Firebox 100, the second in WatchGuard's line of firewall appliances after its Firebox 10 product, also includes the ability to create virtual private networks (VPNs) as a standard feature. A VPN wizard helps make it easier to set up secure connections to remote users or branch offices.

"We need to drive the intelligence...back into the software, so that the [user] puts it in, configures it, and it just goes along," said Larry Stelmat, WatchGuard technology evangelist and a cofounder of the company.

Gartner Group predicts firewall appliances, a relatively new phenomenon, will grab 40 percent of the firewall market by the year 2002, largely because they're easier to set up and configure than firewall software.

"Small enterprises will increase the quality of their security and reduce their operating expenses by selecting firewall appliances instead of general-purpose firewalls," Michael Zboray, a Gartner network security analyst, wrote in a July report.

Other vendors of firewall appliances include Cisco with its PIX firewall, Technologic with its Interceptor firewall appliance, and Data General, which bundles firewall software with a dedicated workstation.

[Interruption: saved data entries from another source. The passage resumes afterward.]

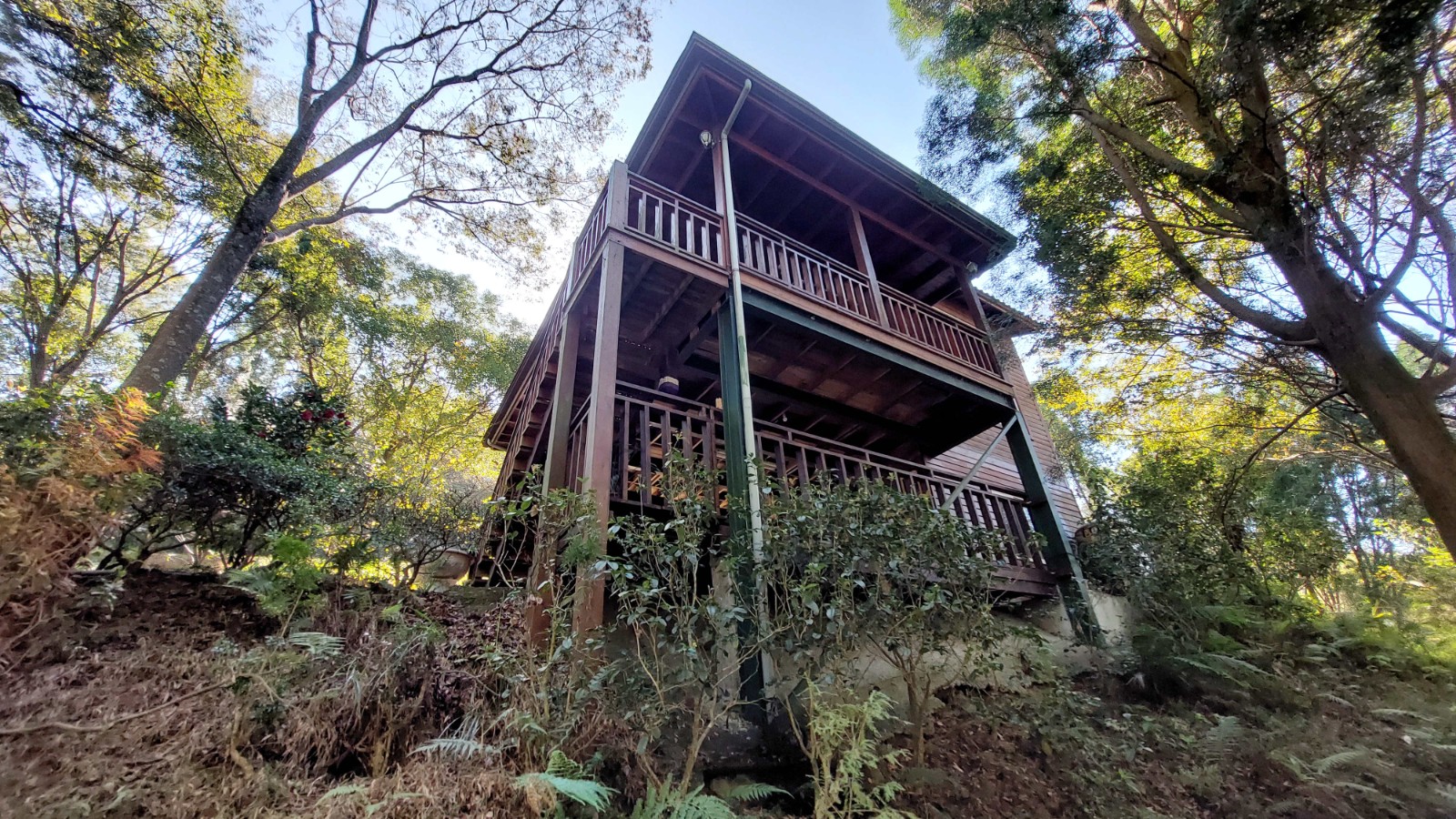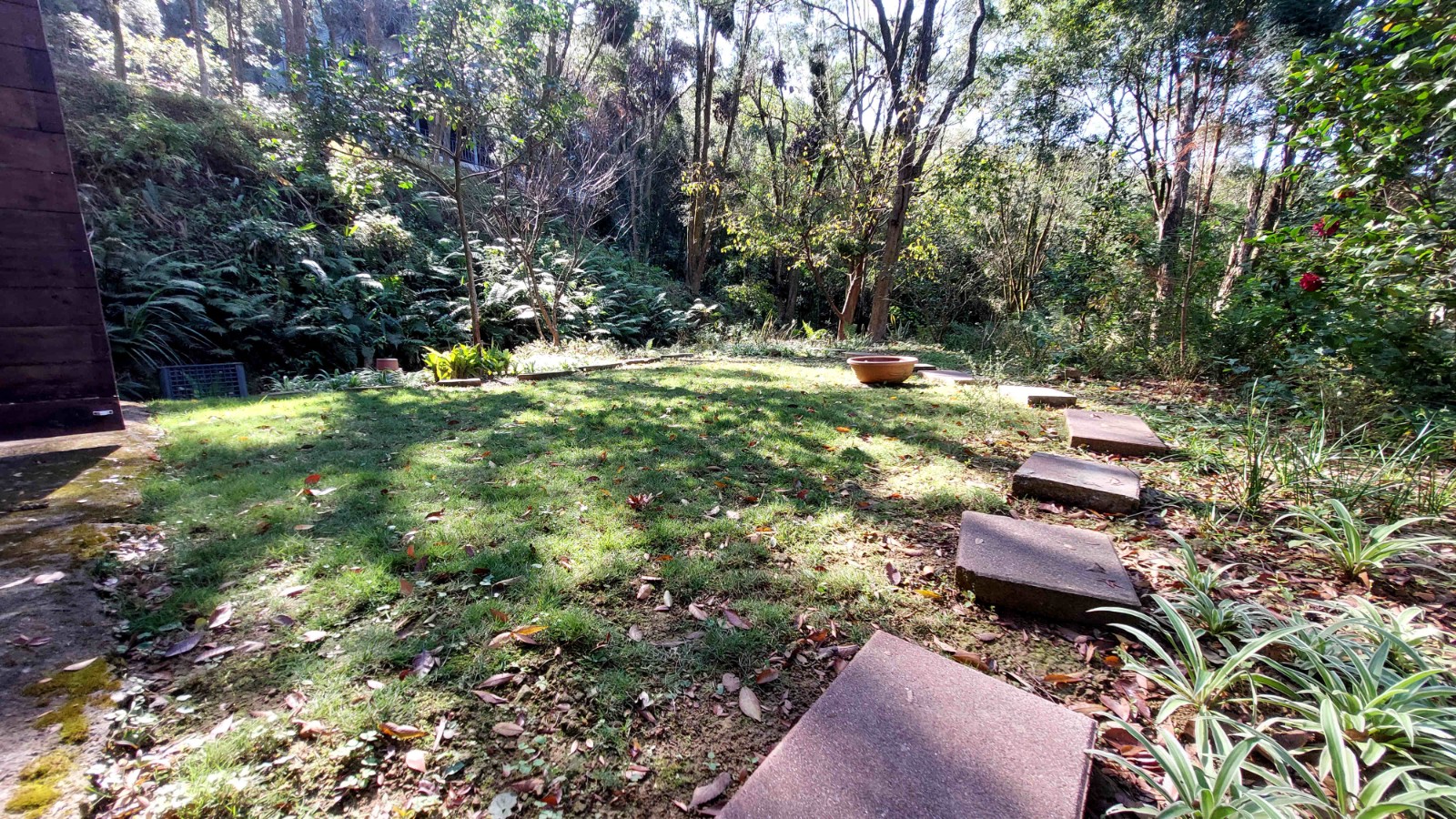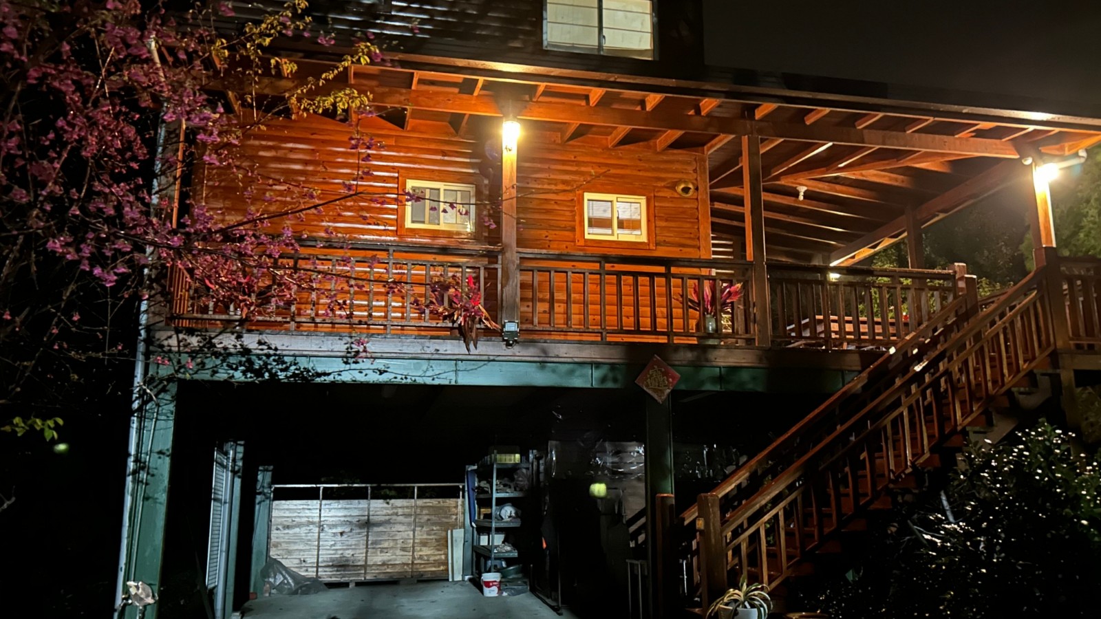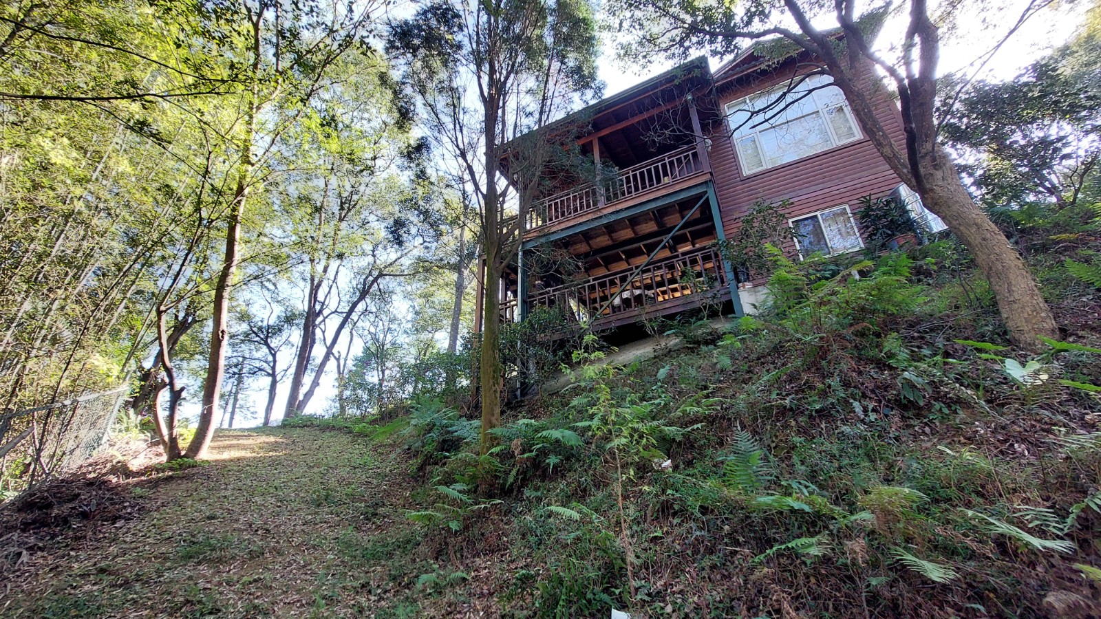 3.現況為一間鋼構木屋,採挑高設計,一樓平面作為停車區域、另設有一間獨立儲藏室,用於放置水塔、瓦斯桶及各式農用資材,收納機能完善。拾階而上,二樓為大坪數木造露台,空間寬敞開闊,無論午後品茗、賞景小憩,皆是難得的愜意享受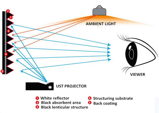 8K Ultra short throw ambient light rejecting screen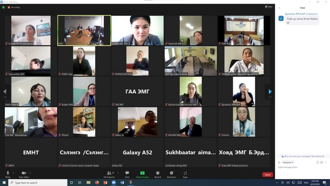 Эрт илрүүлэх үзлэг, шинжилгээ, оношилгоонд хамруулах үйл ажиллагаанд оролцох эмч, эмнэлгийн мэргэжилтнүүдийг чадавхижуулах, хүний нөөцийн бэлэн байдлыг хангахтай холбоотойгоор Аймаг, Нийслэлийн эрүүл мэндийн газрын хүний нөөцийн болон анхан шатны эрүүл мэндийн тусламжийн асуудал хариуцсан мэргэжилтнүүдтэй 2022 оны 04 сарын 22-нд цахим уулзалт хийж, 2022 оны 04 дүгээр сарын 23-24-ний өдрүүдэд зохион байгуулагдах “Хүүхдийн өвчний эрт илрүүлэг” сургалтад сум, өрхийн эрүүл мэндийн байгууллагын эмч, эмнэлгийн мэргэжилтнийг давтан хамруулах, хамрагдалтад хяналт хийж хамтран ажиллахаар санал солилцож, холбогдох мэдээллийг хүргэлээ.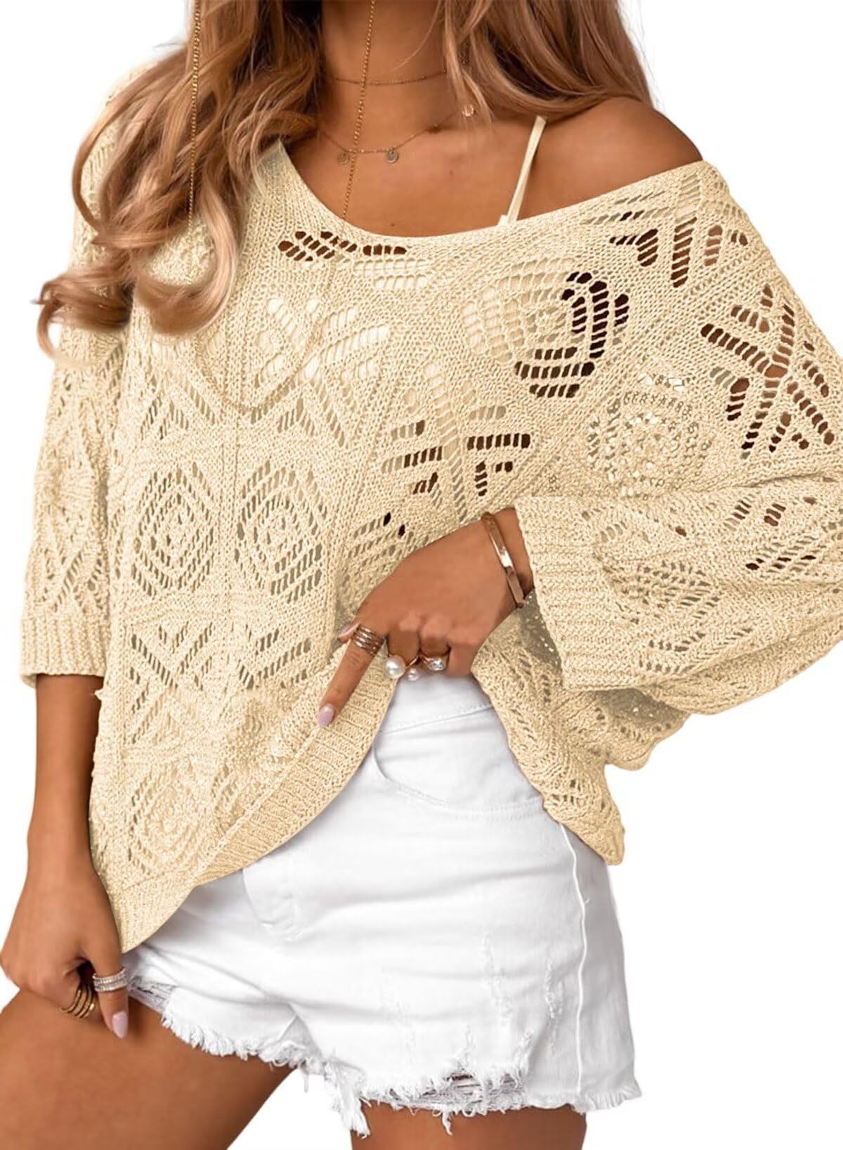 Damen Oversize Strickpullover mit Häkelstruktur Heidi-Mode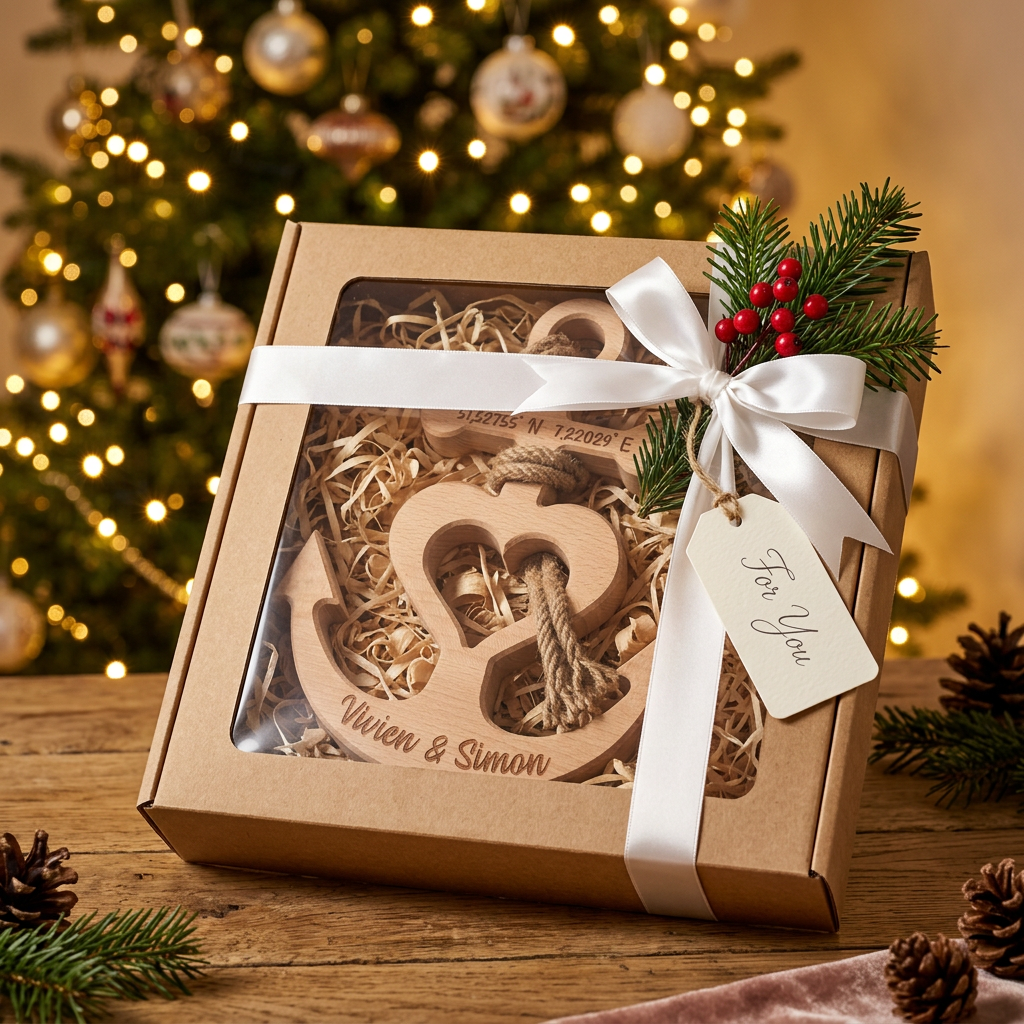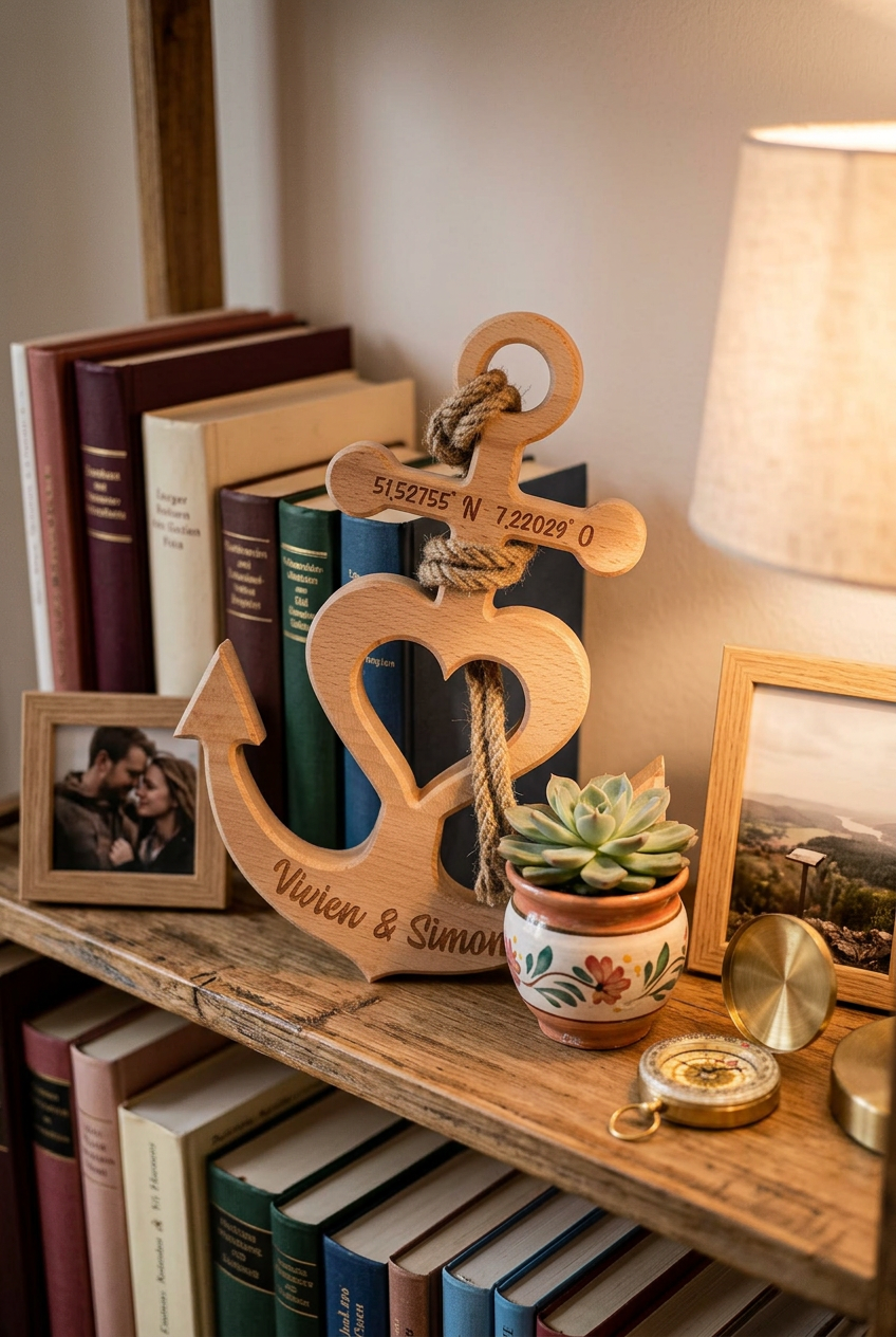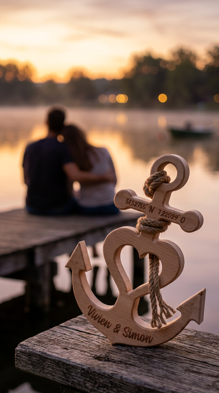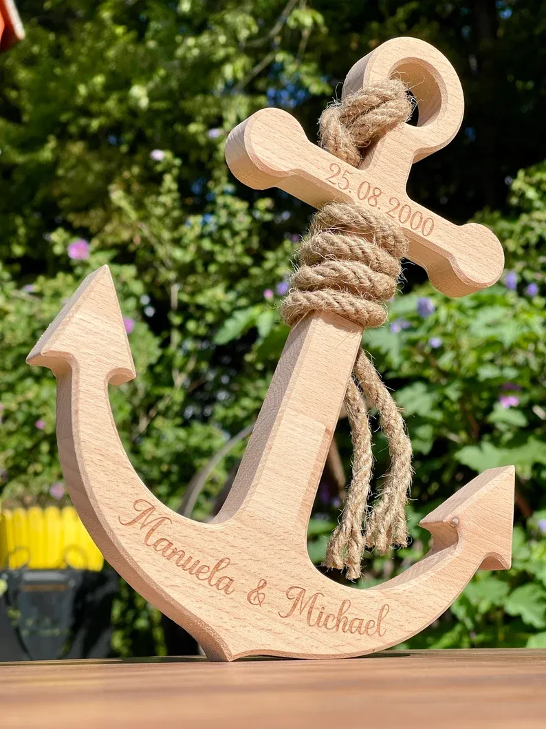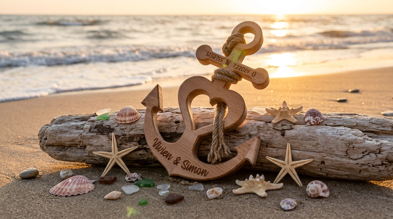Personalisierter Holzanker mit euren Koordinaten & Namen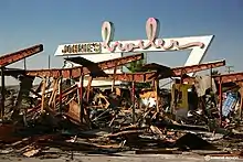 One of the earliest organizations in the country that advocated for the preservation of Googie architecture was the Los Angeles Conservancy Modern Committee, which was formed in 1984 in response to the demolition of Ship's coffee shop in Westwood and Tiny Naylor's Drive-In in Hollywood.[40] Despite the loss of these and the original Googie's in Hollywood, other Googie coffee shops including Norms Restaurants,[41] Johnie's Coffee Shop,[42] and the Wich Stand[43] have received historic designations. The world's oldest McDonald's in Downey and the earliest remaining Bob's Big Boy in Burbank, have also been preserved and restored.[44]

WatchGuard claims to be the first company to offer VPN software at no additional cost for buyers of its $3,995 Firebox 100, although it will charge $1,495 for its "branch office" VPN software for companies whose network includes multiple locations.

Firebox 100 is a dedicated security appliance set up between a router and a secure corporate network to house all firewall functions. Firebox 100 can connect to a 100Mbit Ethernet; Firebox 10, an older product designed for 10 Mbit Ethernet networks, has a suggested retail price of $3,495. Both can be managed from a Windows 95 PC or Windows NT workstation anywhere on the network, giving customers the option of centralized or distributed management.